Ruth Gledhill tweets that the leak about Jeffrey John has scuttled his nomination to serve as Bishop of Southwark (CNC = “Crown Nominations Commission”; “lost his rag” = “became enraged”). Take that for what it’s worth, but it renders the painfully long discussion from the other day moot, insofar as it applies to Dr. John.
I’m sorry to have “pained” you. I thought it was a fruitful discussion and worthwhile. You have no idea the time I had to free up to participate in it. Some of us are not paid to read and write, and our time spent doing so isn’t gleaned from our work nor are we able to use it to organize or produce or stimulate ideas for future projects.
We lost something with Web 2.0. I cut my teeth on the Internet before the WWW explosion with USENET using SLRN under Unix, and I still use Linux. It’s threaded discussion format allowed you to actually share in thoughtful discussion–to get to know the minds, the personalities of diverse people from anywhere in the world.
Then it was taken over by spammers, porn hounds and pirates. Now we get the comments section of blogs where we have to comment on a particular article and the comments sections are mostly unthreaded, and comments get closed or unwieldy. Or, we get social networking sites where we use primarily visual tools to snoop or stay on the surface of others’ lives.
I long for the days when I could have real, vital discussions with diverse people as an equal. Instead I am forced to “leave comments,” which are usually seen as a nuisance by the blogger who isn’t really interested in engaging with other minds but rather hopes everyone actually cares what music he is currently listening too and just wants praise and applause.
Bo, I didn’t say you pained me; I said that the discussion did (and it sounded rather as though it pained you too, though of course I may be as wrong about that as I have been about other things), which involved extensive very careful (and unplanned-for) research and checking.

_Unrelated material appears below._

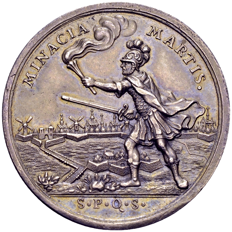 Obv: MINACIA MARTIS; Mars on the right, with sword and torch in his hands, moving on city behind: landscape with southside of the city and the st. Antonie-rampart; in exergue: S•P•Q•S•.

Some of us are not paid to take hours answering comments; certainly I doubt that the University thinks that blogging and responding to comments counts (for instance) toward promotion. If I were unwilling to converse with you, I wouldn’t put so much time and effort into it.
You may have noticed that I have not closed comments or edited what you wrote.
I don’t know how to go about having a conversation with you (at your initiative) other than by your leaving comments here and my answering them. You didn’t offer to buy me a cup of coffee, or invite me over to sip lemonade on your porch. If you wanted to have a word with me, I suppose you could have emailed. But even then, I’m not under any obligation to offer you hours of my attention solely because you value conversing with me. I do it freely, because I want to honour the time you put into commenting — but it feels a bit odd for you to leave comments here, for me to write careful and laborious answers, and then to hear that you feel hard put by. And candidly, I don’t care whether you like the music I’m listening to; I know that some readers do, and if you don’t, you’re not under any obligation to read what I write. Indeed, if the whole reading-and-commenting experience is so distasteful for you, I’m sorry that you felt moved to go to the trouble of leaving these comments.